Your output should be the lines below from the one with "补贴停止,研发投入不断加大,再加上连年亏" through the one with "The Cylinder Compression", copied exactly, pictures excluded.
--- Given data Enclosed Below ---
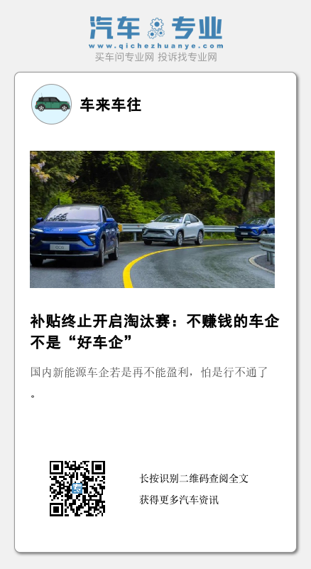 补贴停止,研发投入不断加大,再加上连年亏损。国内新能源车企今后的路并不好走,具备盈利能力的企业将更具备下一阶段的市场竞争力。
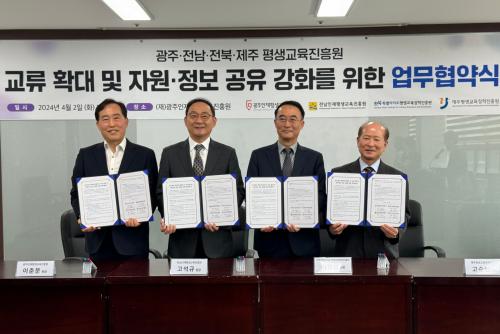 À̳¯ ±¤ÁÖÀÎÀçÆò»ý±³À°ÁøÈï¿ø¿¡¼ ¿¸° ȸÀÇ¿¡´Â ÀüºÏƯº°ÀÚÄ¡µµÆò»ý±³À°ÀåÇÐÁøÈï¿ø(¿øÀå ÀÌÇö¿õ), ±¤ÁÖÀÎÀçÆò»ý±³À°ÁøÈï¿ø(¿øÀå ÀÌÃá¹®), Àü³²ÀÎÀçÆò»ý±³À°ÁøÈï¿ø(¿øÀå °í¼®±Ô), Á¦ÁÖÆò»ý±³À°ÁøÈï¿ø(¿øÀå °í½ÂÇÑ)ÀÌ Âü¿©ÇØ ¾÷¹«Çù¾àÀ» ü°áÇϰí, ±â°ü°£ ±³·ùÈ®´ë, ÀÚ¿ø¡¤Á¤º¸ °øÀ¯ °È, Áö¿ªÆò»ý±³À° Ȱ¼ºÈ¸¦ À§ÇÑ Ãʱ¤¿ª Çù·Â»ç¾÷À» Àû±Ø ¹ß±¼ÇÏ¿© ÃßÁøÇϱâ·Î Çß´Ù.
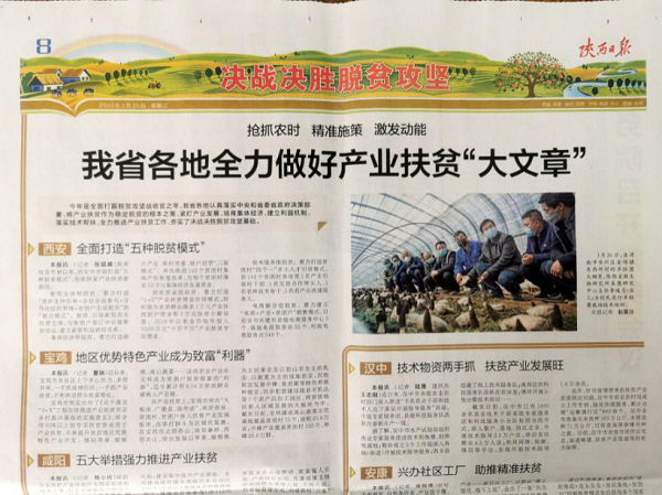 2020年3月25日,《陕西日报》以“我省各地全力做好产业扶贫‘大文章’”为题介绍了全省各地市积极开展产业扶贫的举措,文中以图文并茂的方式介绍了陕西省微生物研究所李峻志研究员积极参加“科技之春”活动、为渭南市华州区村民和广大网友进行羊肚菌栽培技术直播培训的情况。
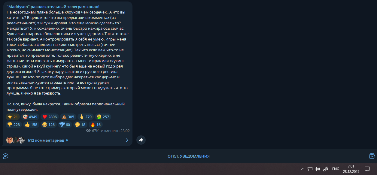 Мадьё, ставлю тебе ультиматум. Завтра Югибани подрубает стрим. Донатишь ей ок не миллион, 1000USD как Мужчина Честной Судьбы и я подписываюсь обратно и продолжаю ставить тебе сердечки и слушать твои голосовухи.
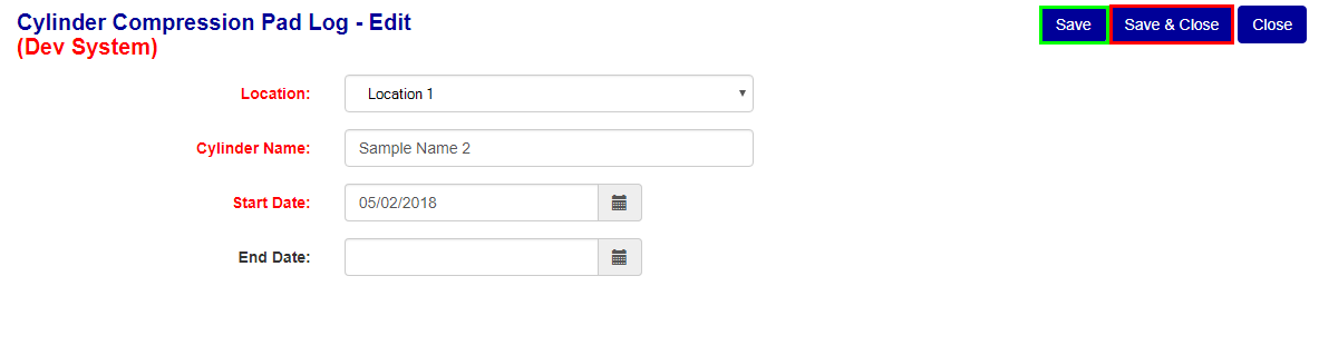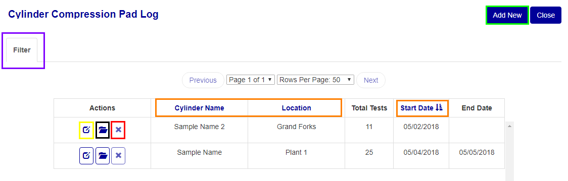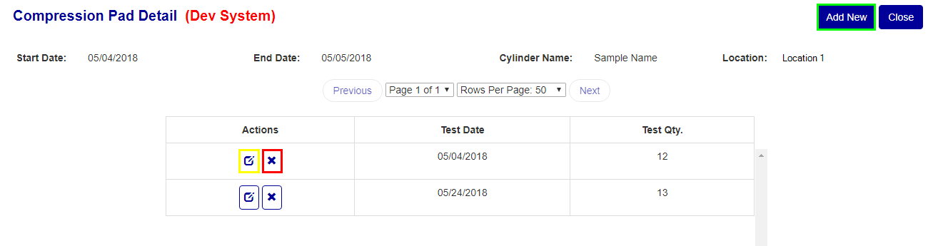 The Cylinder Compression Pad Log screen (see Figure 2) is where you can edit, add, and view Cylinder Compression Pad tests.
--- End of Enclosed Given data ---
--- Given data Enclosed Below ---
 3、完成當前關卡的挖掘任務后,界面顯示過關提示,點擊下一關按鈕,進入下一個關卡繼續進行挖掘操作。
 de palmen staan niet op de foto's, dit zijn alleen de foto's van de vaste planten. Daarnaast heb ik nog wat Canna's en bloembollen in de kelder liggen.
--- End of Enclosed Given data ---
* Exercise response *
 补贴停止,研发投入不断加大,再加上连年亏损。国内新能源车企今后的路并不好走,具备盈利能力的企业将更具备下一阶段的市场竞争力。
 À̳¯ ±¤ÁÖÀÎÀçÆò»ý±³À°ÁøÈï¿ø¿¡¼ ¿¸° ȸÀÇ¿¡´Â ÀüºÏƯº°ÀÚÄ¡µµÆò»ý±³À°ÀåÇÐÁøÈï¿ø(¿øÀå ÀÌÇö¿õ), ±¤ÁÖÀÎÀçÆò»ý±³À°ÁøÈï¿ø(¿øÀå ÀÌÃá¹®), Àü³²ÀÎÀçÆò»ý±³À°ÁøÈï¿ø(¿øÀå °í¼®±Ô), Á¦ÁÖÆò»ý±³À°ÁøÈï¿ø(¿øÀå °í½ÂÇÑ)ÀÌ Âü¿©ÇØ ¾÷¹«Çù¾àÀ» ü°áÇϰí, ±â°ü°£ ±³·ùÈ®´ë, ÀÚ¿ø¡¤Á¤º¸ °øÀ¯ °È, Áö¿ªÆò»ý±³À° Ȱ¼ºÈ¸¦ À§ÇÑ Ãʱ¤¿ª Çù·Â»ç¾÷À» Àû±Ø ¹ß±¼ÇÏ¿© ÃßÁøÇϱâ·Î Çß´Ù.
 2020年3月25日,《陕西日报》以“我省各地全力做好产业扶贫‘大文章’”为题介绍了全省各地市积极开展产业扶贫的举措,文中以图文并茂的方式介绍了陕西省微生物研究所李峻志研究员积极参加“科技之春”活动、为渭南市华州区村民和广大网友进行羊肚菌栽培技术直播培训的情况。
 Мадьё, ставлю тебе ультиматум. Завтра Югибани подрубает стрим. Донатишь ей ок не миллион, 1000USD как Мужчина Честной Судьбы и я подписываюсь обратно и продолжаю ставить тебе сердечки и слушать твои голосовухи.
 The Cylinder Compression Pad Log screen (see Figure 2) is where you can edit, add, and view Cylinder Compression Pad tests.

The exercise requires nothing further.